In neural network model compression, entropy penalized reparameterization achieves 19 $\times$ –606 $\times$ reduction in model size on standard benchmarks (MNIST, CIFAR-10, ImageNet) with negligible loss of accuracy, outperforming conventional pruning or quantization approaches without recourse to multi-stage procedures (Oktay et al., 2019).
For 3D scene compression, the method delivers 5–10 $\times$ smaller model size at equal or improved PSNR, MS-SSIM, and LPIPS compared to HEVC+LLFF baselines, and further gains under parameter sharing for multi-scene regimes (Bird et al., 2021).
In stochastic control, the entropy-penalized reformulation enables efficient solution of very high-dimensional problems by reducing a nonconvex strong-form program to two tractable convex subproblems, guaranteeing $O(1/k)$ convergence and preserving approximation accuracy as the penalty weight increases (Bourdais et al., 2023).

6. Extensions, Regularity, and Theoretical Guarantees

Regularization via entropy is robust to architectural and optimization choices:

The learned prior adapts to quantization structure.

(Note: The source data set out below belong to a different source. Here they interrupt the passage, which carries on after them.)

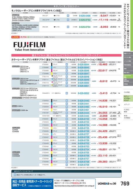 キヤノン(モノクロ)トナー・富士フイルム(富士イルムビジネスイノベーション)(カラー)トナーフ学習ペーパークラフト・素材イベント用品学習支援用品安全・安心OA・サプライ用品文具・事務用品日用品OA用紙用紙トナー・インクカートリッジメディアィアPC周辺辺機器器家具・具・共用備品用印字枚数6000枚6000枚6000枚6000枚50000枚50000枚50000枚50000枚お申込番号8-626-88448-626-88458-626-88468-626-88478-626-88488-626-88498-626-88508-626-8851M価税抜¥19,700税抜価格¥18,465税込価格¥20,311単位¥24,100¥22,617¥24,8781本保育¥9,200¥8,612¥9,4731本30000枚8-626-8852¥3,500¥3,413¥3,7541本6000枚4000枚4000枚4000枚50000枚6000枚5000枚4500枚4500枚4500枚5000枚×24500枚×24500枚×24500枚×25000枚6000枚6000枚6000枚5000枚×26000枚×26000枚×26000枚×28-626-04408-626-04418-626-04608-626-04618-626-04448-626-04458-626-87228-626-87238-626-87248-626-87258-626-87268-626-87278-626-87288-626-87298-626-87028-626-87038-626-87048-626-87058-626-87068-626-87078-626-87088-626-8709¥15,100¥14,838¥16,321¥16,700¥16,510¥18,1611本¥34,700¥2,300¥16,000¥34,055¥2,259¥14,058¥37,460¥2,484¥15,4631箱(4色入)1本1本¥16,600¥14,588¥16,046¥26,600¥24,429¥26,871¥27,700¥25,4361セット(2本入)¥27,979¥14,700¥13,939¥15,332¥20,800¥19,801¥21,7811本¥24,300¥23,110¥25,421¥30,900¥29,2831セット(2本入)¥32,211モノクロレーザープリンタ用サプライ(キヤノン対応)キヤノン(モノクロ)トナー対応機種SateraMF216n/222dw/224dw/226dn229dw/232w/236n/242dw244dw/245dw/249dwSateraMF4410/4420n/4430/4450/4550d4570dn/4580dn/4750/4820d4830d/4870dn/4890dwL250/L410●包装数:1M品番商品種別CRG-337●モノクロCRG-337VP●モノクロCRG-328●モノクロ純純純印字枚数2400枚2400枚×2お申込番号M価税抜税抜価格税込価格8-626-04868-626-8793¥10,800¥9,547¥10,501¥18,300¥17,119¥18,830単位1本1箱(2本入)2100枚8-626-8794¥9,500¥8,093¥8,9021本※印字枚数はA4用紙片面に5%密度で印字した場合の参考値です。印刷の仕方により印字枚数が変わる場合がございます。LOOKP.774リキヤノンのリサイクルトナーを掲載しております。富士フイルム(富士フイルムビジネスイノベーション)(カラー)トナーカラーレーザープリンタ用サプライ(富士フイルム(富士フイルムビジネスイノベーション)対応)対応機種DocuPrintCP310dwCP310dwIICM310zCM310zIIDocuPrintCP210dwCP310dw/CP310dwIICM210zCM310z/CM310zIIDocuPrintCP210dw/CP310dwCP310dwII/CP310stCP500dCM210zCM310z/CM310zIIApeosPort-VIICP3322/CP4422M品番CT202681CT202682CT202683CT202684CT351110CT351111CT351112CT351113商品種別ブラックシアンマゼンタイエロー●ドラムカートリッジ(ブラック)●ドラムカートリッジ(シアン)●ドラムカートリッジ(マゼンタ)●ドラムカートリッジ(イエロー)CWAA0915トナー回収ボトルApeosC320zApeosPrintC320dwDocuPrintC2450C2450ⅡDocuPrintC3450dC3450dⅡ●包装数:1CT203532CT203533CT203534CT203535CT351307CWAA1003CT202451CT202452CT202453CT202454CT202455CT202456CT202457CT202458CT202459CT202460CT202461CT202462CT202463CT202464CT202465CT202466ブラックシアンマゼンタイエロードラムカートリッジ+(CMYK)トナー回収ボトルブラックシアンマゼンタイエローブラックシアンマゼンタイエローブラックシアンマゼンタイエローブラックシアンマゼンタイエロー純純純純純純純純純純純純純純純純純純純純純純純純純純純純純純純※印字枚数はA4用紙片面に5%密度で印字した場合の参考値です。印刷の仕方により印字枚数が変わる場合がございます。表中純純正:プリンタ本体と同じメーカーの商品です。純正・汎用品使用済トナーカートリッジ回収サービス※沖縄および離島はサービス対象外です。P.766〜772掲載のレーザープリンタ用純正トナーカートリッジの回収申込はこちらhttps://wwwuchidasnet.ecbeing.biz/pdf/ordersheet/UDAS19_toner-cartridge.pdfVol.20769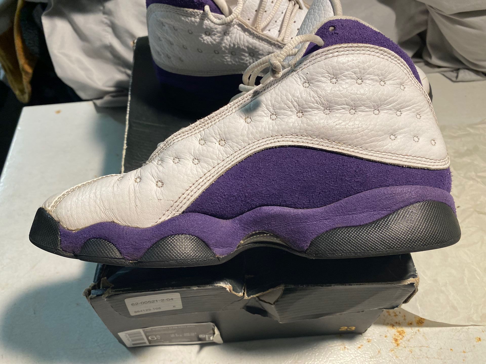 Used pair Jordan 13 retro white/ purple See photos for condition ask more questions if desired. Size 6.5y I think it’s the original box and wrap but beat up a bit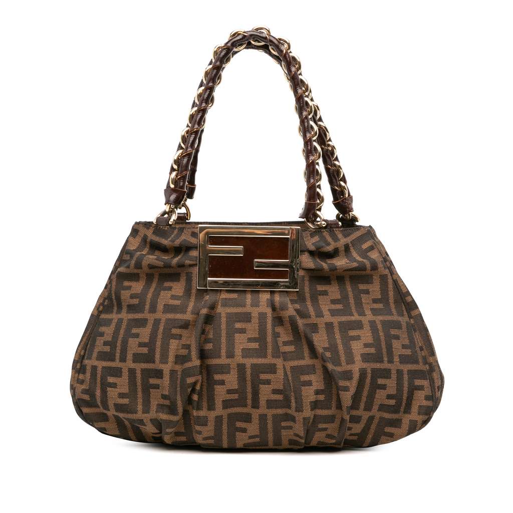 The Mia features a zucca canvas body, leather woven chain link shoulder straps, an open top, and interior zip and slip pockets.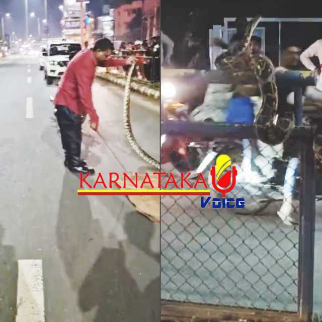 ಹುಬ್ಬಳ್ಳಿ: ಬೃಹದಾಕಾರದ ಹೆಬ್ಬಾವೊಂದು ಸುಮಾರು ಹೊತ್ತಿನವರೆಗೆ ಹುಬ್ಬಳ್ಳಿಯ ವಿದ್ಯಾನಗರದ ಬಿವಿಬಿ ಕಾಲೇಜ್ ಎದುರಿನ ಬಿಆರ್ಟಿಎಸ್ ಜ್ಯಾಲರಿ ಮೇಲೆ ಸಂಚರಿಸಿ, ಅಚ್ಚರಿ ಆತಂಕ ಸೃಷ್ಟಿಸಿದೆ. ಹೌದು... ಹೆಬ್ಬಾವು ಜನನಿಬೀಡ...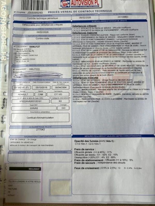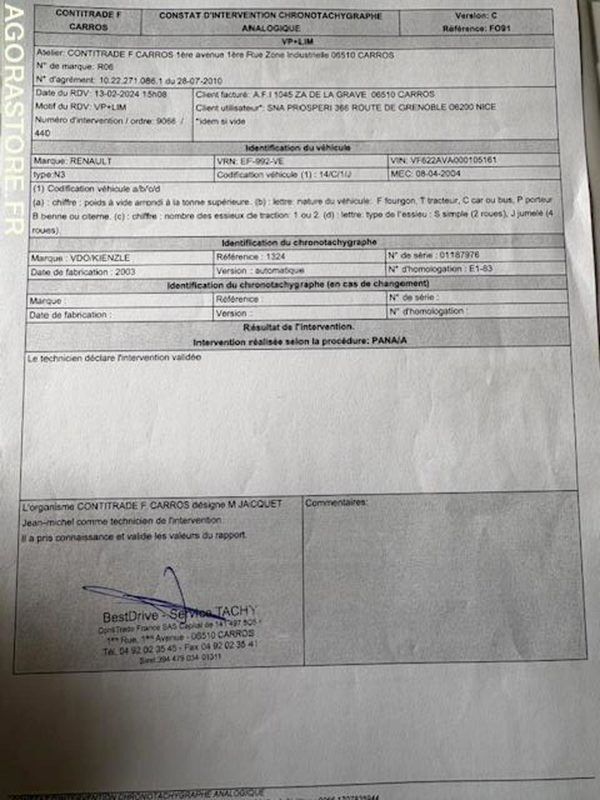 IMPORTANT: véhicule roulant avec interdiction de circuler/ TACKYGRAPHE HS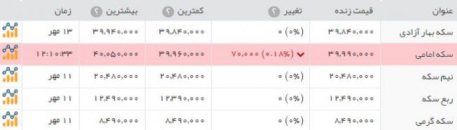 قیمت سکه و قیمت طلا در بازار امروز یکشنبه ۱۴ مهر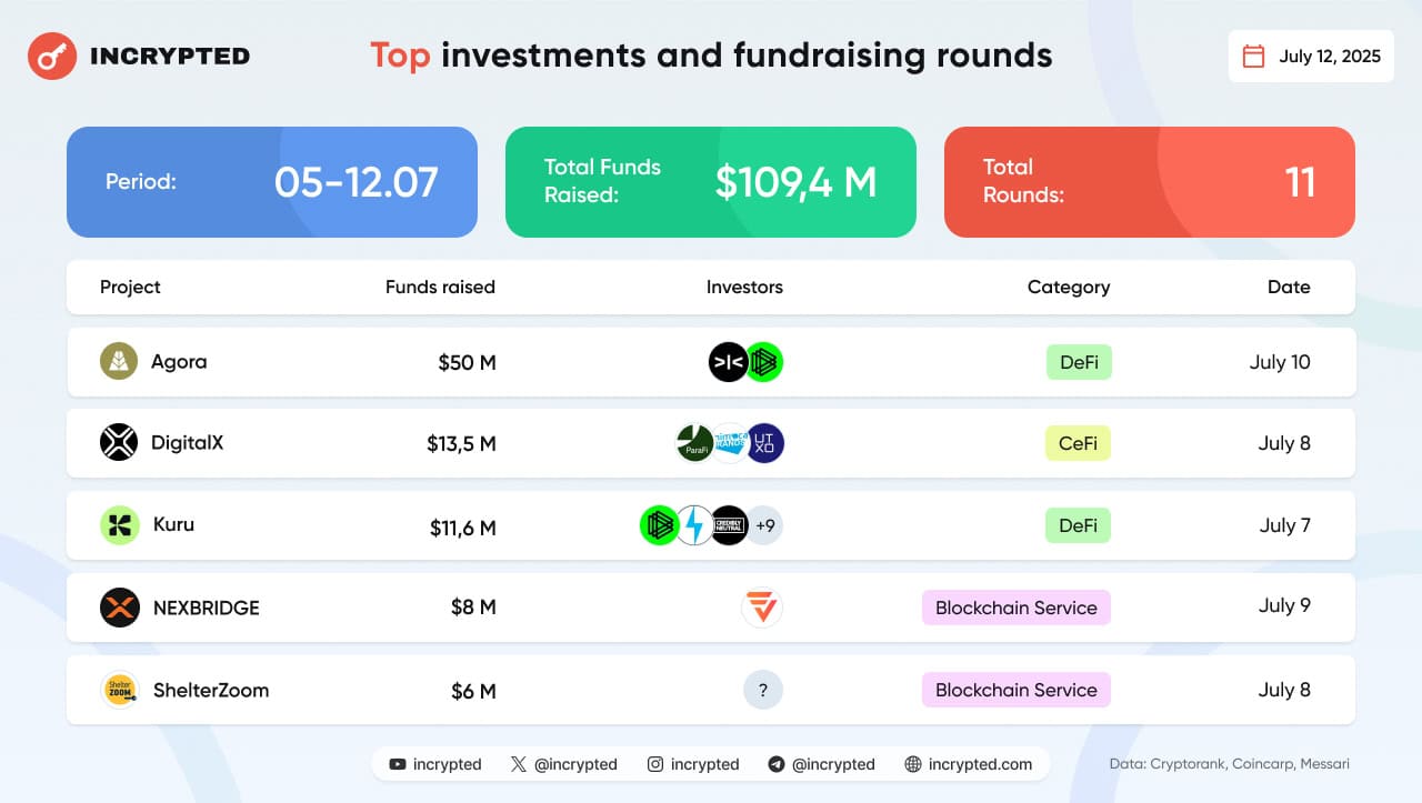 У період із 5 до 12 липня 2025 року 11 проєктів залучили інвестиції на загальну суму $109,4 млн. Лідерами за обсягом наданого фінансування стали проєкт Agora і компанія DigitalX.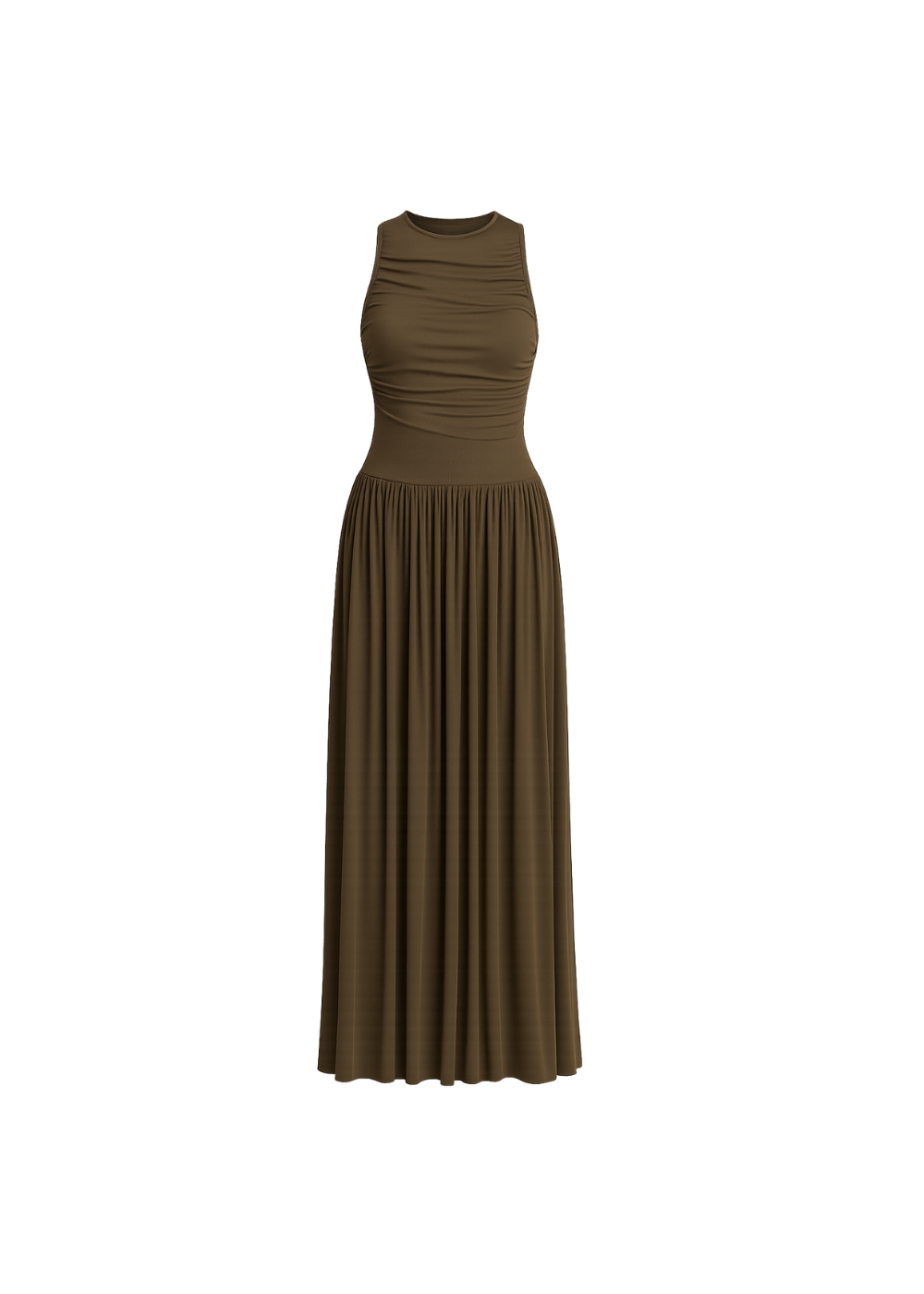 Moteriška suknelė be rankovių – elegantiškas ir universalus pasirinkimas vasaros sezonui! Subtiliai paryškintas liemuo ir ilgas siluetas išryškina figūrą, o klasikinis dizainas suteikia rafinuoto moteriškumo pojūtį tiek atostogoms, tiek vakariniams pasivaikščiojimams.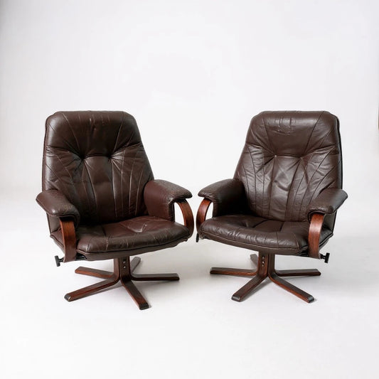 Pair of Vintage Brown Leather Reclining Swivel Armchairs – Danish Stressless Style Chairs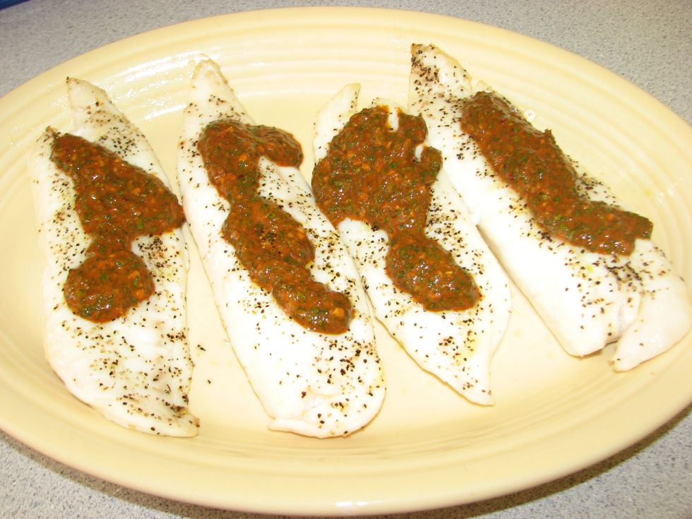 After the fish is cooked, spoon 1/4 chermoula sauce over each piece and serve.

If sharing or regularization is not useful for a given scene or parameter group, the prior collapses to a degenerate distribution; otherwise, it induces nontrivial structure supporting compression (Bird et al., 2021).
In control, under hypotheses of continuity, growth, and convexity, the method admits existence and convergence guarantees, making it suitable for large-scale systems with dynamics and cost functionals of significant complexity (Bourdais et al., 2023).
Extensions include parameter-tying and marginal constraints (martingale optimal transport, Schrödinger bridges), using the same basic entropy penalty mechanism (Bourdais et al., 2023).

7. Applications and Broader Impact

Entropy penalized reparameterization reframes standard compression and control problems:

In end-to-end neural compression, it offers a unified framework that enables rate-accuracy/distortion trade-offs via a simple hyperparameter sweep, integrating seamlessly with neural architectures and providing practical post-training coding (Oktay et al., 2019, Bird et al., 2021).
For neural radiance fields, it permits implicit, differentiably compressed 3D representations with fast, decoder-free rendering at test time (Bird et al., 2021).
In high-dimensional stochastic optimization and control, it allows decoupling and efficient solution of problems that would otherwise require direct solutions of intractable PDEs or backward equations (Bourdais et al., 2023).

A plausible implication is that this approach, by combining reparameterization, learned probability modeling, and direct entropy penalization, is broadly applicable to settings that require controllable trade-offs between fidelity and compressibility or between optimization quality and tractability.